* _Information provided_
= = = =
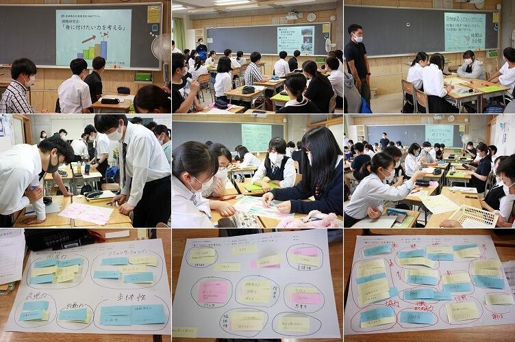今日の課題研究も1・2年生が協働で行いました。今回はこれまでの取り組みを振り返り,探究活動で身につけたい力についてブレインストーミングを行い,KJ法でまとめました。
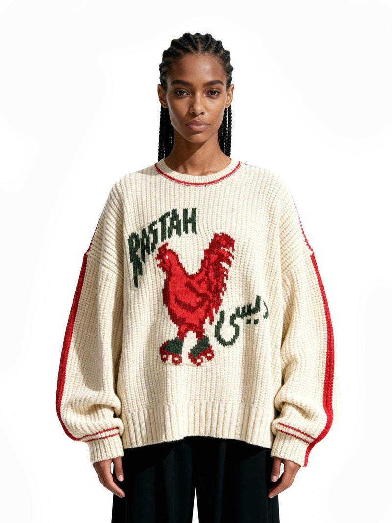 The Desi Chicken Sweater combines humor, culture, and craft. Knitted with a blend of acrylic, nylon, and woolen thread, it showcases a bold rooster graphic with Rastah’s signature typography — a playful yet refined expression of cultural storytelling.
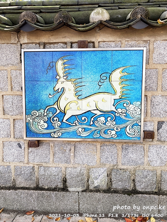 긴 돌담길을 걷다 보면 시와 그림 등이 돌 담벼락에 전시되어 있어 다양한 작품을 보면서 걸을 수 있어요~
= = = =
* _How to complete this task_
The lines from the one with "The Desi Chicken" to the end of the data above should be retyped exactly, both ends included, and pictures are to be left out.

* _Task answer_
 The Desi Chicken Sweater combines humor, culture, and craft. Knitted with a blend of acrylic, nylon, and woolen thread, it showcases a bold rooster graphic with Rastah’s signature typography — a playful yet refined expression of cultural storytelling.
 긴 돌담길을 걷다 보면 시와 그림 등이 돌 담벼락에 전시되어 있어 다양한 작품을 보면서 걸을 수 있어요~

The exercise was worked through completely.